---------- Material supplied ----------

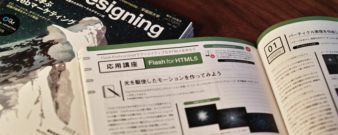 マイナビの月刊誌Web Designingにてクリエイティブなコンテンツの制作手法をテーマとした「応用講座 Flash for HTML5」を沖良矢さん(世路庵)と私の二人で連載していました。本記事では連載で開設したHTML5 Canvas (CreateJS)のサンプルをまとめて紹介します。
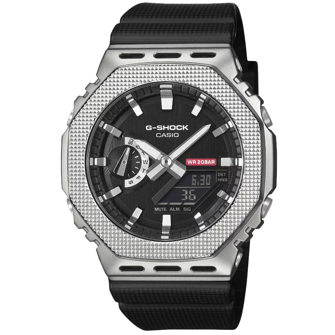 Formato de 12 y 24 horas Función de movimiento de agujas (las agujas se apartan para proporcionar una visión sin obstrucciones del contenido digital de la pantalla). Funciones clásicas de reloj: Analógica: 2 manecillas (hora, minuto [la manecilla se mueve cada 20 segundos]), 1 dial (día) Digital: Horas, minutos, segundos, p. m., mes, fecha
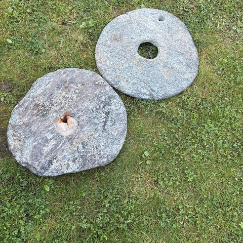 Jeg har solgt hytta mi og tømmer den nå for innbo. Nå har jeg igjen smørstampen du ser rett ved peisen. Ukjent alder. Flettede vidjer rundt stampen.
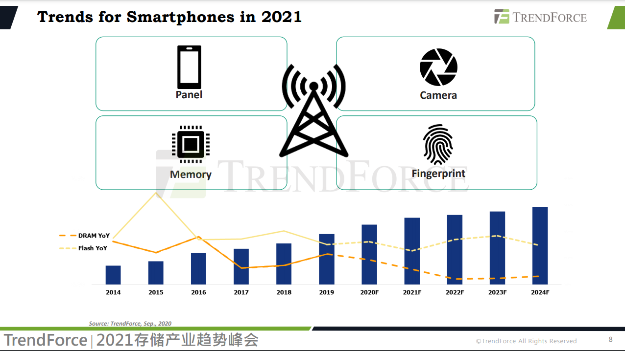 現(xiàn)在手機(jī)基本上都是12GB、16GB的內(nèi)存,再往上增長就會出現(xiàn)浪費(fèi),除非有新的功能或者技術(shù)的出現(xiàn),帶動DRAM的增長。隨著中低端手機(jī)攝像頭的增加,對DRAM也有一定的拉動作用。此外,在另一個存儲部分,存儲速度提升,帶來一些耗電等等方面的影響,今年有LPDDR5的加入,明年還會得到提升。以上四點(diǎn)都和晶圓產(chǎn)能緊缺緊密相關(guān)。
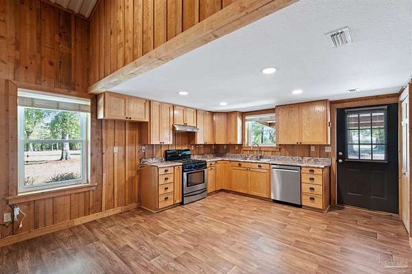 Welcome to 7020 SW Capt Lynn Rd - a private country retreat situated on approximately 3 acres of beautiful North Florida land. This barndominium blends rustic character with thoughtful upgrades and practical features. Inside, you'll find new flooring, an on-demand water heater, and a stunning clawfoot tub in the master bath that adds timeless charm. Anderson double-paned, double-hung windows installed in August 2023 provide energy efficiency and great natural light throughout the home. The property is well-equipped for both everyday living and outdoor enjoyment. There is power run to the pole barn, along with a separate metal building in the pasture featuring a roll-up door. The main well has a new pump, which is enclosed in an insulated metal shed with its own roll-up door for added protection and convenience. A power pole and meter box are also located in the pasture. For added flexibility, the home includes two 50-amp plugs - one on each end of the house - ideal for a camper or motorhome. The entire property spans roughly 3 acres, and the pasture portion is completely fenced, making it ideal for animals or agricultural use. The area is rich with wildlife and offers a peaceful, country setting perfect for those who love the outdoors. Enjoy excellent bass fishing and hunting nearby, with the Dead Lakes just 10 minutes away and close proximity to the Chipola and Apalachicola Rivers. If you're looking for space, functionality, and the quiet lifestyle of country living, this property delivers.
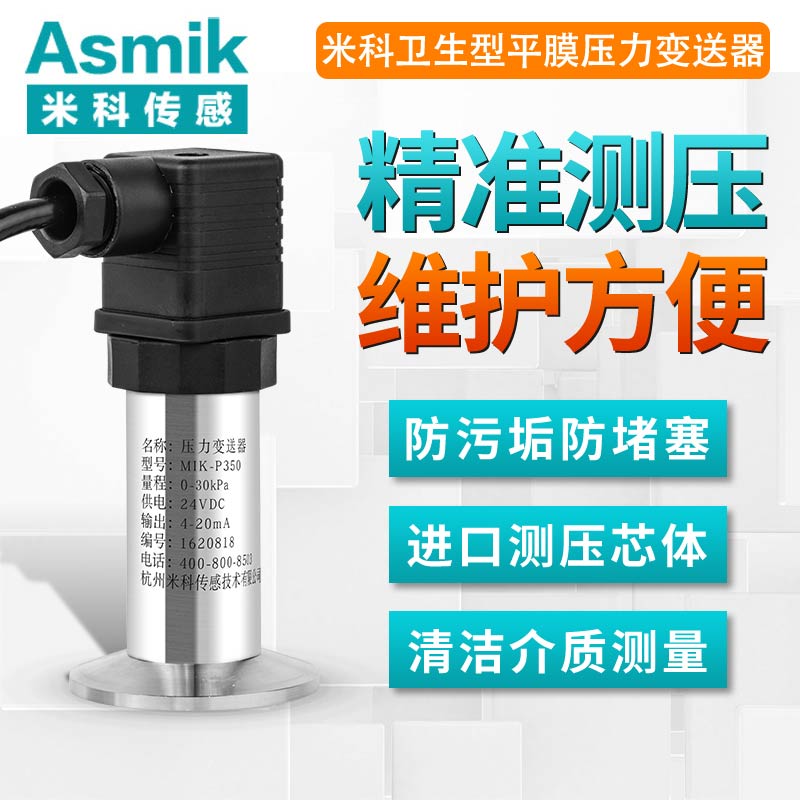 MIK-P350系列平面膜結構壓力變送器選用德國進口擴散硅芯體,采用平面膜直接感受壓力。傳感器接口有卡箍式,M27×2,法蘭式可供選擇。輸出信號有電壓、電流、頻率信號等可選擇,傳感器平膜片防止了結垢,不衛生及粘稠液體堵塞等問題。廣泛應用于食品、醫藥、衛生及釀酒工業等部門。
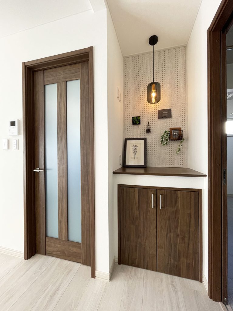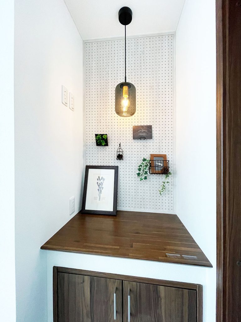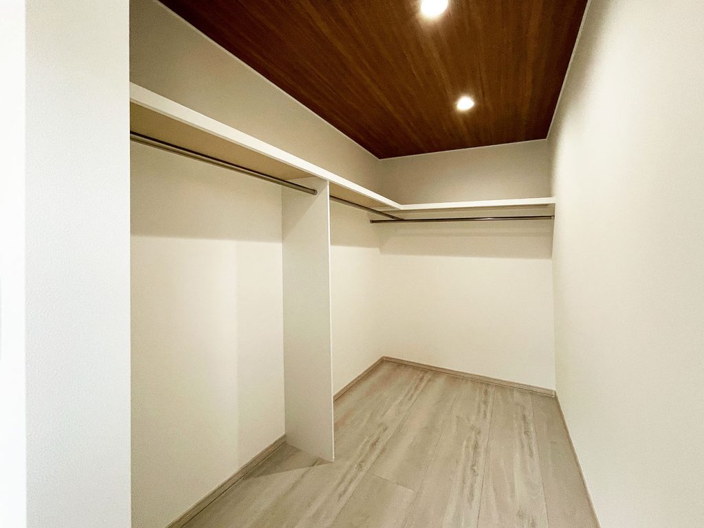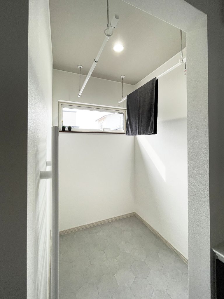 洗面脱衣室横のドライスペース。お洗濯ものを干すのはもちろん、収納ケースを入れてファミリークローゼットとしても重宝します。
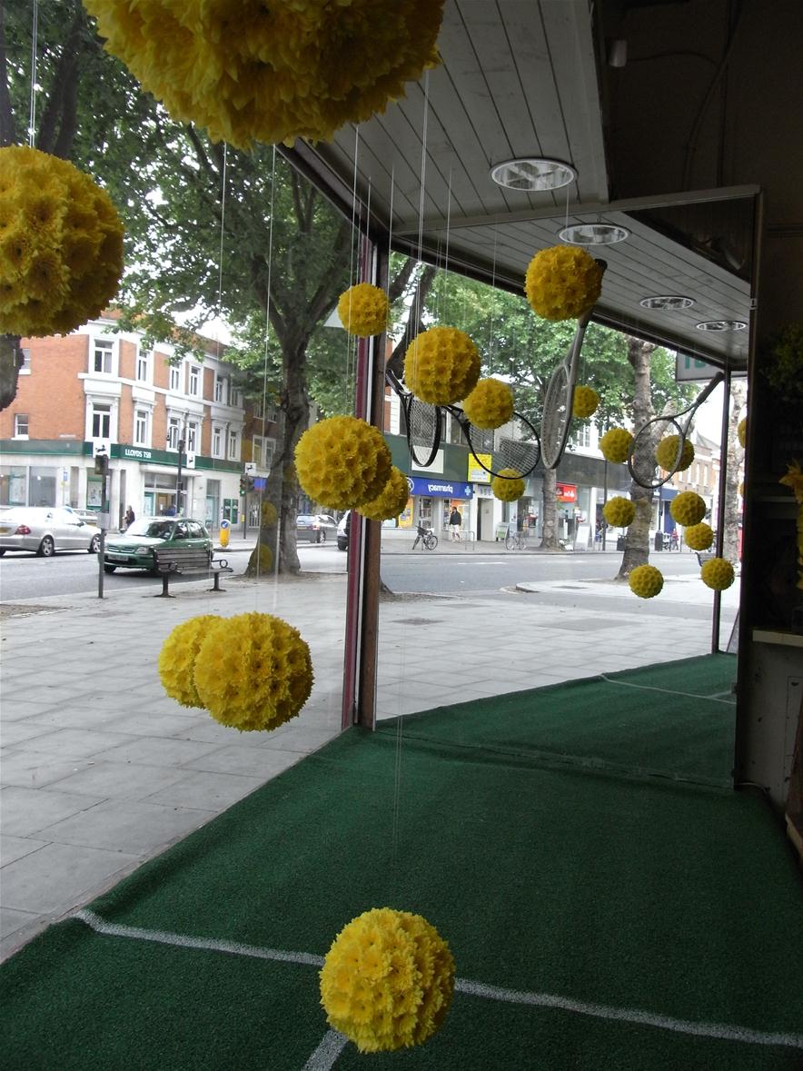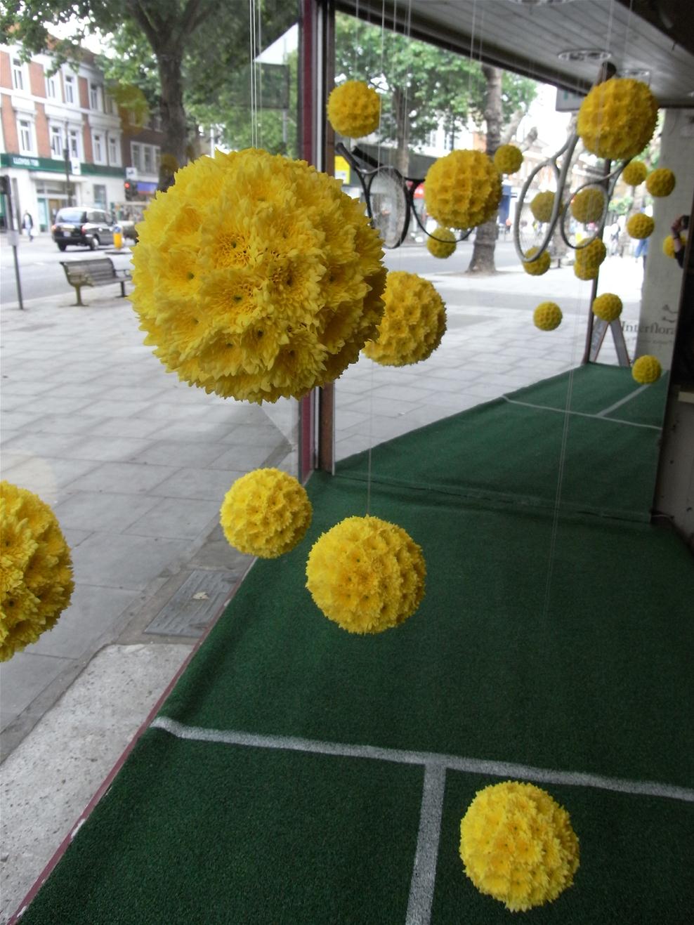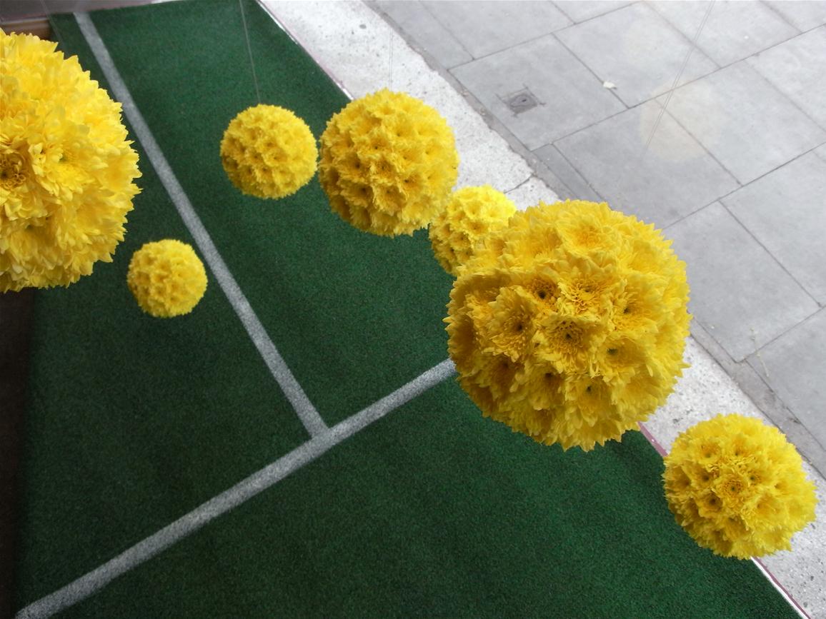 In true British fashion we’re all gunning for Andy Murray to win Wimbledon this year here at Pot Pourri. We have created yellow sphere’s from heads of double Chrysanthemum, suspending them over chalk lined astro turf. Come by to have a look or pop in to play with our beautiful selection of British grown flowers instead!
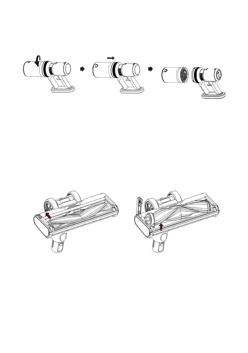 Rotate the dust cup anticlockwise and pull it backward to remove. To reinstall the dust cup
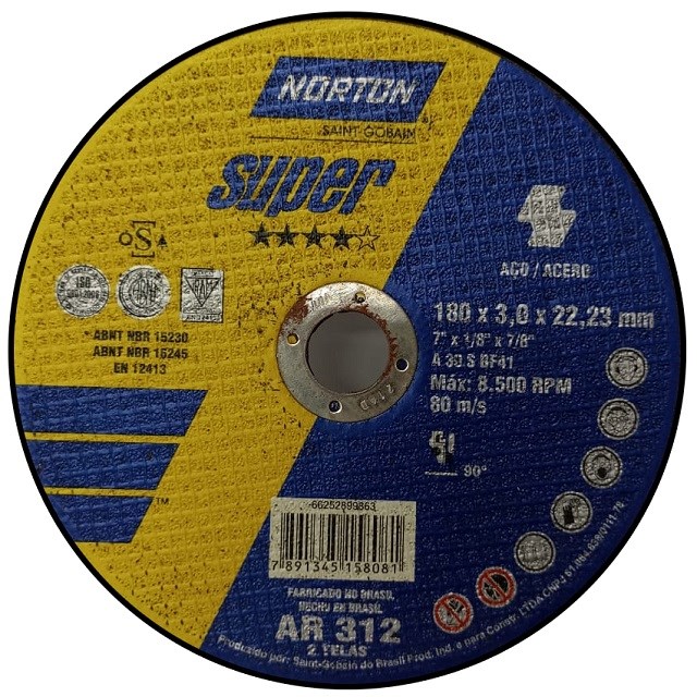 Disco de Corte Abrasivo Para Aço E Inox 180 X 3,0 X 22,23mm Super Ar 312 Norton
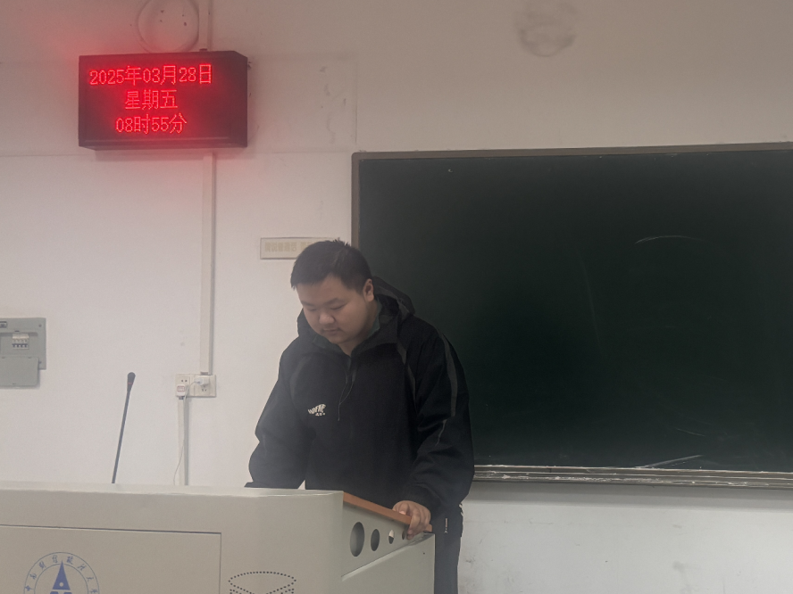会议第一项,团支书熊博带领大家学习红色文化,带领同学们走进红色历史的长河,详细介绍了红色文化的历史渊源、红色资源的分布以及红色血脉的传承意义。从革命先辈的英勇事迹到红色文物背后的故事,同学们深刻感受到红色文化中蕴含的革命精神和家国情怀。
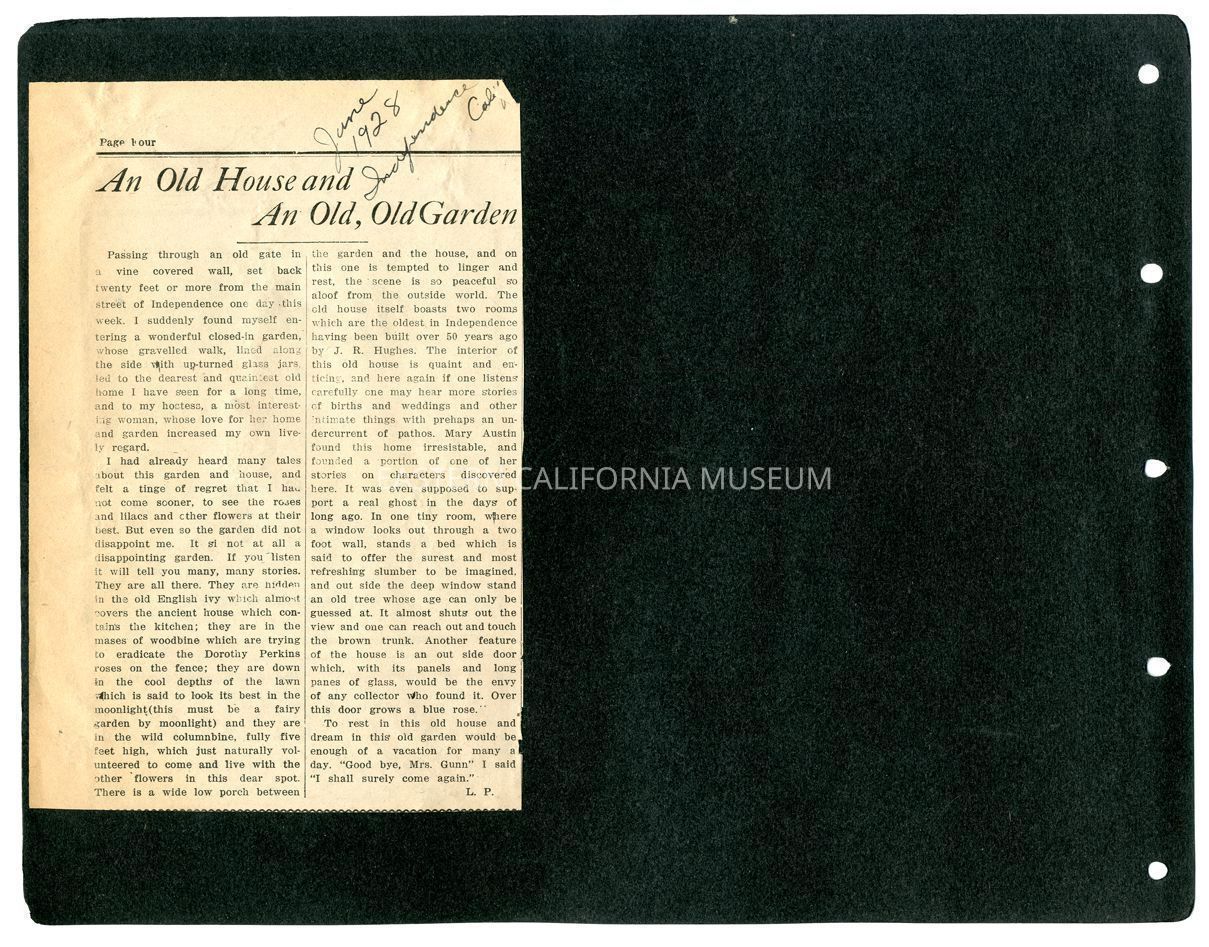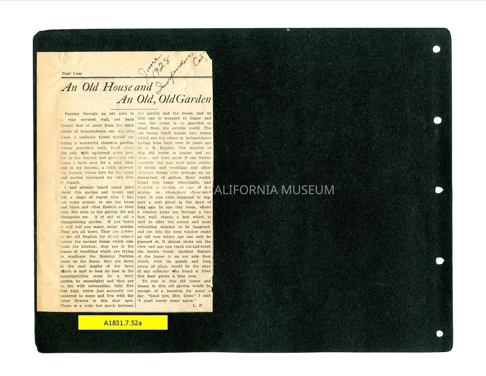 A1831.7.52a: Article clipped from a newspaper titled, "An Old House and An Old, Old Garden." Someone has written June 1928, Independence, Calif." on the page. The author's initials are L. P., and it may be written by Louise Parcher. It is about the Gunn house in Independence.Collection

----------

■ Your assignment
Quote exactly, and nothing besides, the lines from the one with "会议第一项,团支书熊博带领大" through the end of the records above; include both ends and omit the pictures.

■ Response for this exercise
会议第一项,团支书熊博带领大家学习红色文化,带领同学们走进红色历史的长河,详细介绍了红色文化的历史渊源、红色资源的分布以及红色血脉的传承意义。从革命先辈的英勇事迹到红色文物背后的故事,同学们深刻感受到红色文化中蕴含的革命精神和家国情怀。
 A1831.7.52a: Article clipped from a newspaper titled, "An Old House and An Old, Old Garden." Someone has written June 1928, Independence, Calif." on the page. The author's initials are L. P., and it may be written by Louise Parcher. It is about the Gunn house in Independence.Collection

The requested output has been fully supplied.